*ACTION ITEM*: Given the listing below, write out exactly the lines starting with the line that has "今日の給食は「ミニパン・揚げ" and going on through the line that has "Нижня частина сукні", both kept.

*RECORDS FOR THIS EXERCISE*:

○ ○ ○

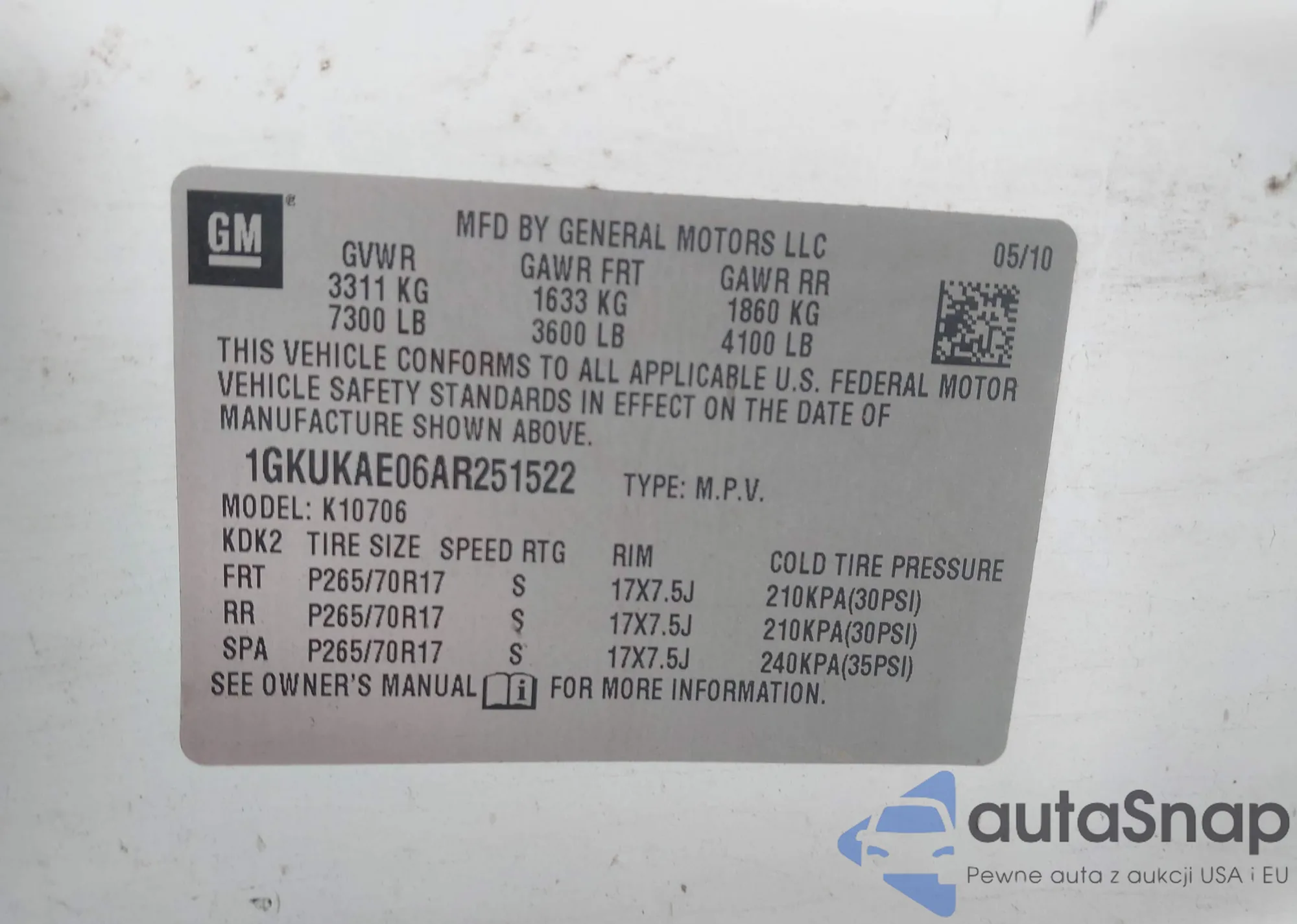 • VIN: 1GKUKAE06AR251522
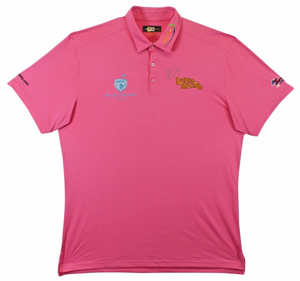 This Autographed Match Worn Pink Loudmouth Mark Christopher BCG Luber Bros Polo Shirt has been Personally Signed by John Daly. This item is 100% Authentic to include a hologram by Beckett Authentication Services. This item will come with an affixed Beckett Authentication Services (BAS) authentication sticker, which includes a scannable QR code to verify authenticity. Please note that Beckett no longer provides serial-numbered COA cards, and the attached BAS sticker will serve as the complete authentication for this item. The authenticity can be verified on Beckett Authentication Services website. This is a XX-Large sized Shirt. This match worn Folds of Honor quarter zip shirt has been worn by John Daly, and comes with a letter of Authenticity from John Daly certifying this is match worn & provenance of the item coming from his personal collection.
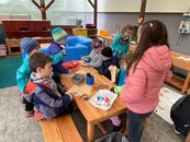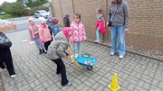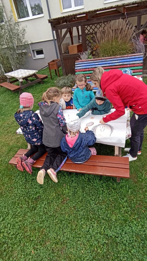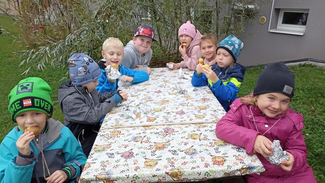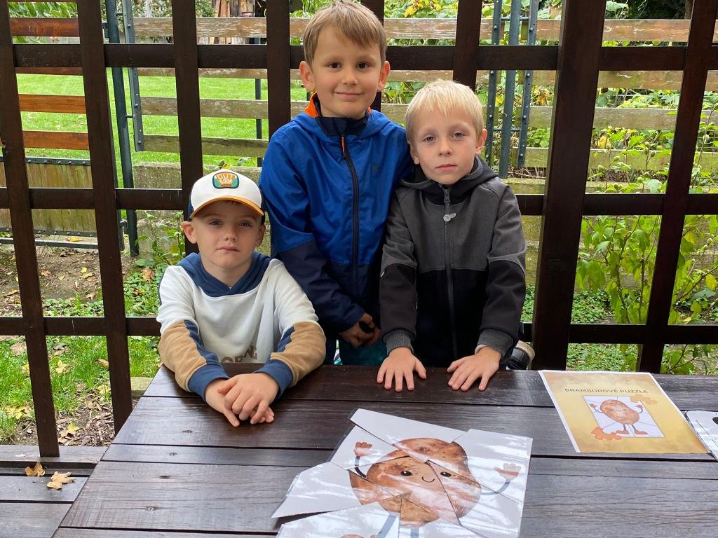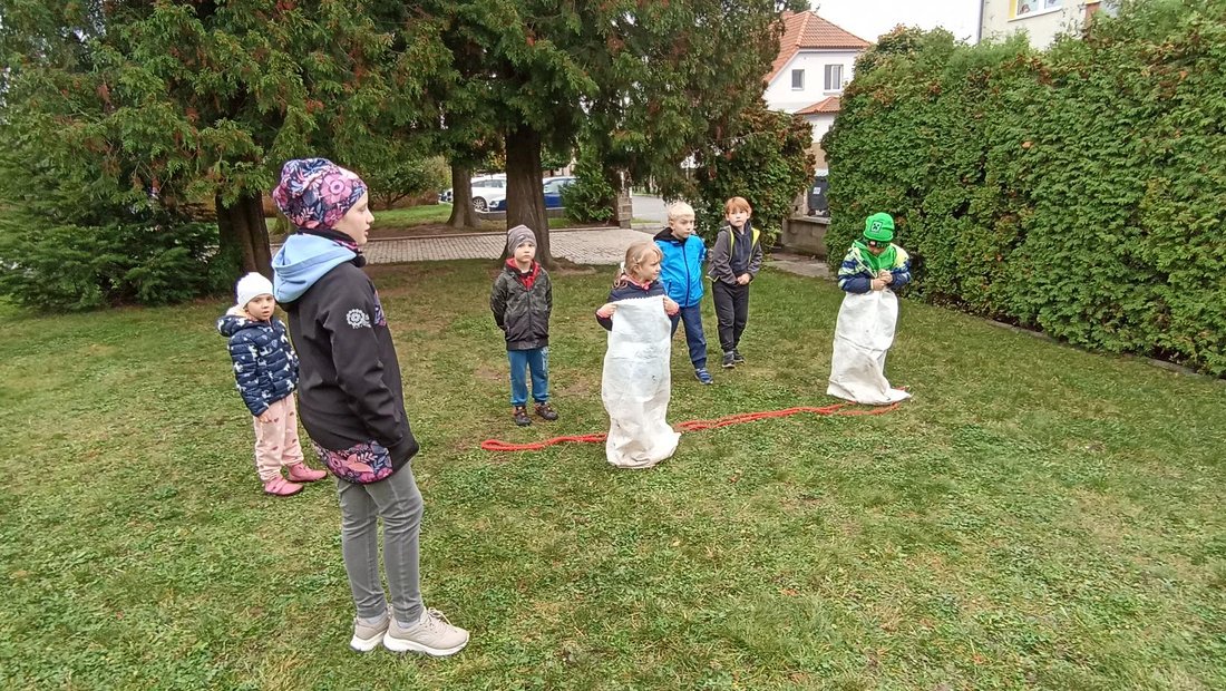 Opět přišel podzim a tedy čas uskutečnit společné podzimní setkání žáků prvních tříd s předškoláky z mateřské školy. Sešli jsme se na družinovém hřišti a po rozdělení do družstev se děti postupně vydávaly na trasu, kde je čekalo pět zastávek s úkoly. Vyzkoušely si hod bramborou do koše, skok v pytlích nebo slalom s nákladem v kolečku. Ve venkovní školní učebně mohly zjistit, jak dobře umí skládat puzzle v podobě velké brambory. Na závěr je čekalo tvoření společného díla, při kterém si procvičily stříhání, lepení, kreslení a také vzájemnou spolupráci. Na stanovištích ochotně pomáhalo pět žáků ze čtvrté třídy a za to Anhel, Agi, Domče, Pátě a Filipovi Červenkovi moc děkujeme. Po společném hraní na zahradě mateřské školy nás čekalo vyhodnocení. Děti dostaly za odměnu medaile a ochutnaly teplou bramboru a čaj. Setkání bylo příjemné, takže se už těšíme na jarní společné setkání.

○ ○ ○

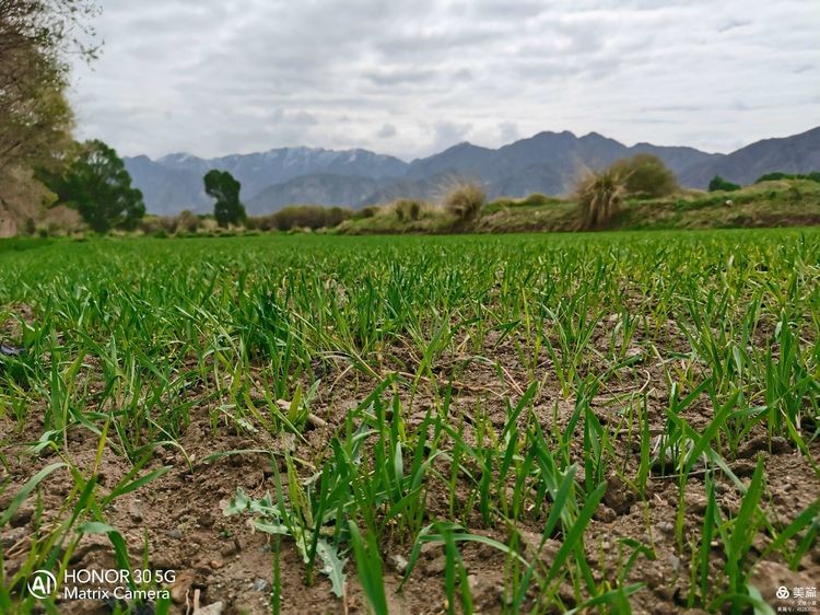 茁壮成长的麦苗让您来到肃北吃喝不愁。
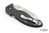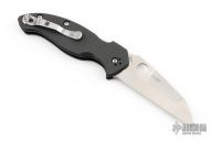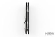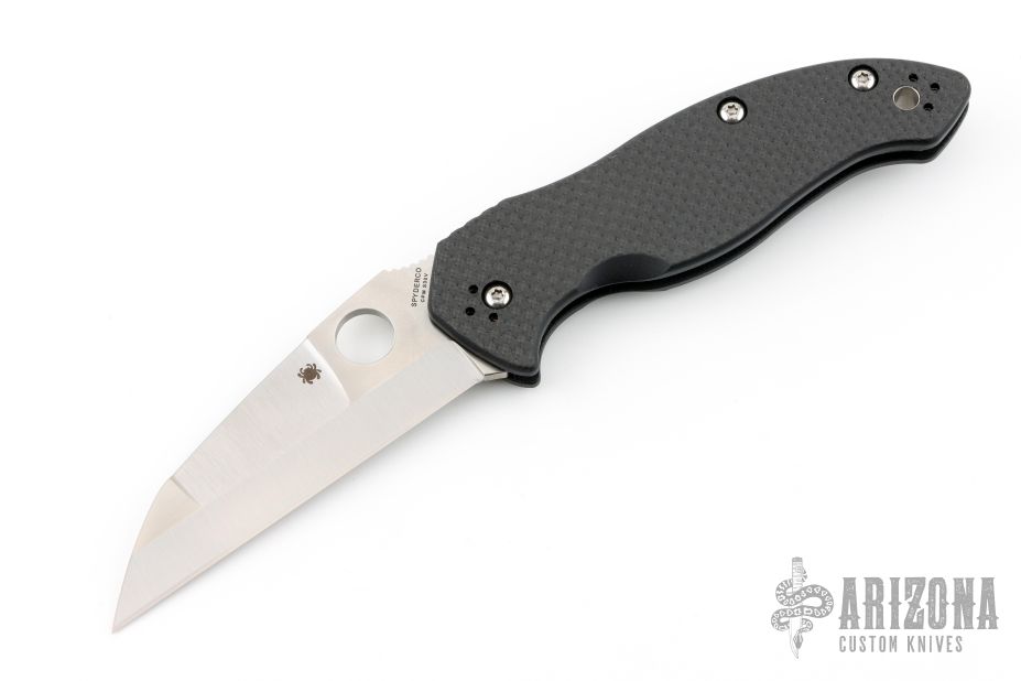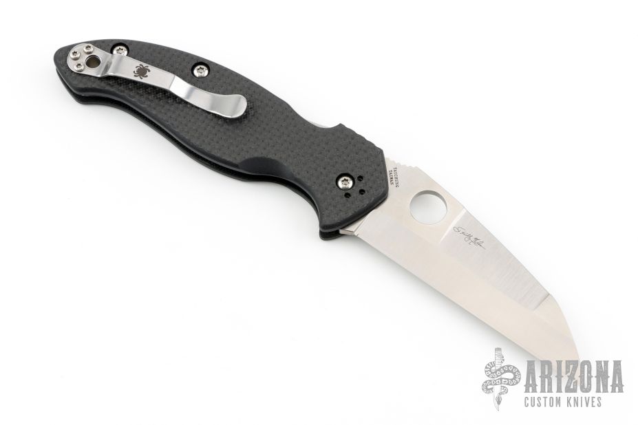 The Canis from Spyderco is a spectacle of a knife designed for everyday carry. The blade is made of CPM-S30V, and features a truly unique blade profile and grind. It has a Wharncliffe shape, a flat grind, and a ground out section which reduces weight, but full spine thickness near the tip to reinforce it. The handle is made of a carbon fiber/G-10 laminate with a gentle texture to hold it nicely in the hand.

○ ○ ○

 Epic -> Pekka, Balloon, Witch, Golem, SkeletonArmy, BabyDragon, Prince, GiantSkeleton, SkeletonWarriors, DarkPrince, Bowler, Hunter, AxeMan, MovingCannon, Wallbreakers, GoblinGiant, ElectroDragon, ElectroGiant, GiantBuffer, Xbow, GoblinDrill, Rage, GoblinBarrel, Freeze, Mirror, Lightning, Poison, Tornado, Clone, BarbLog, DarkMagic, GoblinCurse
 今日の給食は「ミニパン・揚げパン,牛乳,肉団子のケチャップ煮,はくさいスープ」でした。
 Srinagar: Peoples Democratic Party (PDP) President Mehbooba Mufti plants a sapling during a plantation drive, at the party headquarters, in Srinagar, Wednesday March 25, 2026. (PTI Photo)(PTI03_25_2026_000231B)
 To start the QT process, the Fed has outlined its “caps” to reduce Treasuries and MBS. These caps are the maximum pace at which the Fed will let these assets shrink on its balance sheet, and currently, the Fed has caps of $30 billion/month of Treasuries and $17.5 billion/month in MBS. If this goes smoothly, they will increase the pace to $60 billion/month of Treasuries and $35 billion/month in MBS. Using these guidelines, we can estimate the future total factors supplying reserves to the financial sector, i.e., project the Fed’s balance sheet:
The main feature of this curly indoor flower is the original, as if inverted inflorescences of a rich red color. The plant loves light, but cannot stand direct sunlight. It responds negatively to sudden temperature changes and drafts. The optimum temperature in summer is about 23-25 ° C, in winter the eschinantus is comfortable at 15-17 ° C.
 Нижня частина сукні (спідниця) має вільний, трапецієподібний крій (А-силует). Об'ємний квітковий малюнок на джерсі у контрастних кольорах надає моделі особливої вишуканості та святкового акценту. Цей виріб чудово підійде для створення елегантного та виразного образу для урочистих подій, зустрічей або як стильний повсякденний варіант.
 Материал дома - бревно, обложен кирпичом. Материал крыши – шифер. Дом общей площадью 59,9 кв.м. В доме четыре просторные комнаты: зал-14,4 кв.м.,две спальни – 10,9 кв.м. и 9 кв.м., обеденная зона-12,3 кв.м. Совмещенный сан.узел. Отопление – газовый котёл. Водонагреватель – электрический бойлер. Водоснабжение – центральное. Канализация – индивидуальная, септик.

○ ○ ○

*WRITTEN REPLY*:
 今日の給食は「ミニパン・揚げパン,牛乳,肉団子のケチャップ煮,はくさいスープ」でした。
 Srinagar: Peoples Democratic Party (PDP) President Mehbooba Mufti plants a sapling during a plantation drive, at the party headquarters, in Srinagar, Wednesday March 25, 2026. (PTI Photo)(PTI03_25_2026_000231B)
 To start the QT process, the Fed has outlined its “caps” to reduce Treasuries and MBS. These caps are the maximum pace at which the Fed will let these assets shrink on its balance sheet, and currently, the Fed has caps of $30 billion/month of Treasuries and $17.5 billion/month in MBS. If this goes smoothly, they will increase the pace to $60 billion/month of Treasuries and $35 billion/month in MBS. Using these guidelines, we can estimate the future total factors supplying reserves to the financial sector, i.e., project the Fed’s balance sheet:
The main feature of this curly indoor flower is the original, as if inverted inflorescences of a rich red color. The plant loves light, but cannot stand direct sunlight. It responds negatively to sudden temperature changes and drafts. The optimum temperature in summer is about 23-25 ° C, in winter the eschinantus is comfortable at 15-17 ° C.
 Нижня частина сукні (спідниця) має вільний, трапецієподібний крій (А-силует). Об'ємний квітковий малюнок на джерсі у контрастних кольорах надає моделі особливої вишуканості та святкового акценту. Цей виріб чудово підійде для створення елегантного та виразного образу для урочистих подій, зустрічей або як стильний повсякденний варіант.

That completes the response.